**What is needed**
Look in the material below for the line with "EBERHARD FABER Crayon" and the line with "La présentation de", then set down exactly those two lines and all lines between, nothing more.

**Records to process**
= Beginning of Section =

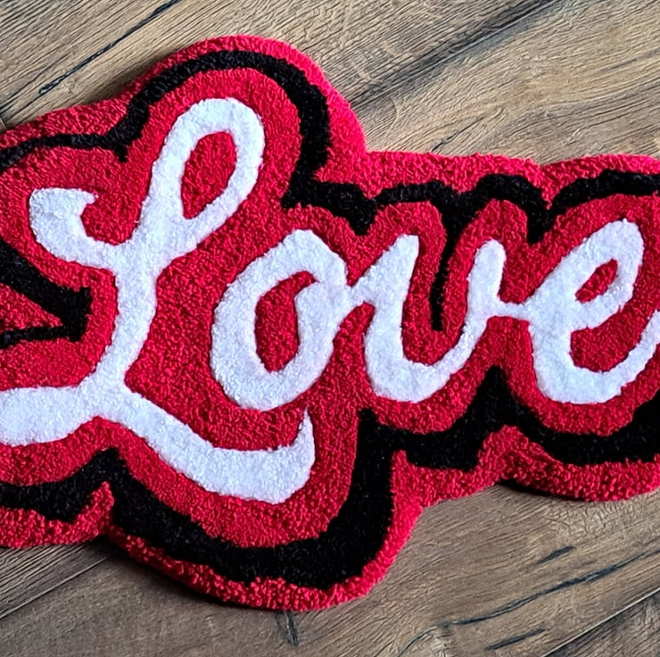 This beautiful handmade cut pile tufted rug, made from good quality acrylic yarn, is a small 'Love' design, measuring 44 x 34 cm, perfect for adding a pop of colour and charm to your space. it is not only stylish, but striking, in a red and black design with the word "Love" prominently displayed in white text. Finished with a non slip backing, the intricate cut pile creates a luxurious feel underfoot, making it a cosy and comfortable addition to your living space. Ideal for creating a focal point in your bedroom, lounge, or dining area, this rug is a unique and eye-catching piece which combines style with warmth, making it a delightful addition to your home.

= End of Section =
= Beginning of Section =

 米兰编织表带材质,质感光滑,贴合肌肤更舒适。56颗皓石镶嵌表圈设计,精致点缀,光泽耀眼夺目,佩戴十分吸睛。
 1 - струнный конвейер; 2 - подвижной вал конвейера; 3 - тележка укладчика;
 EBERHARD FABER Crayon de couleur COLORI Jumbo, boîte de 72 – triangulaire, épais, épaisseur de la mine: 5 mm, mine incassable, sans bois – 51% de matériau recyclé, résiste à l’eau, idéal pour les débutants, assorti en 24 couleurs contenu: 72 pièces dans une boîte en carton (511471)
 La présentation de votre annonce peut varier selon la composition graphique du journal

= End of Section =
= Beginning of Section =

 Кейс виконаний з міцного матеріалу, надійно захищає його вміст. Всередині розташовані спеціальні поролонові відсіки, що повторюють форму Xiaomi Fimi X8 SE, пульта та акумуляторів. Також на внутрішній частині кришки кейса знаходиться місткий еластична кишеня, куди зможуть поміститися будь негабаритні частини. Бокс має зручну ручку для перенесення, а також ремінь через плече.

= End of Section =

**Exercise result**
 EBERHARD FABER Crayon de couleur COLORI Jumbo, boîte de 72 – triangulaire, épais, épaisseur de la mine: 5 mm, mine incassable, sans bois – 51% de matériau recyclé, résiste à l’eau, idéal pour les débutants, assorti en 24 couleurs contenu: 72 pièces dans une boîte en carton (511471)
 La présentation de votre annonce peut varier selon la composition graphique du journal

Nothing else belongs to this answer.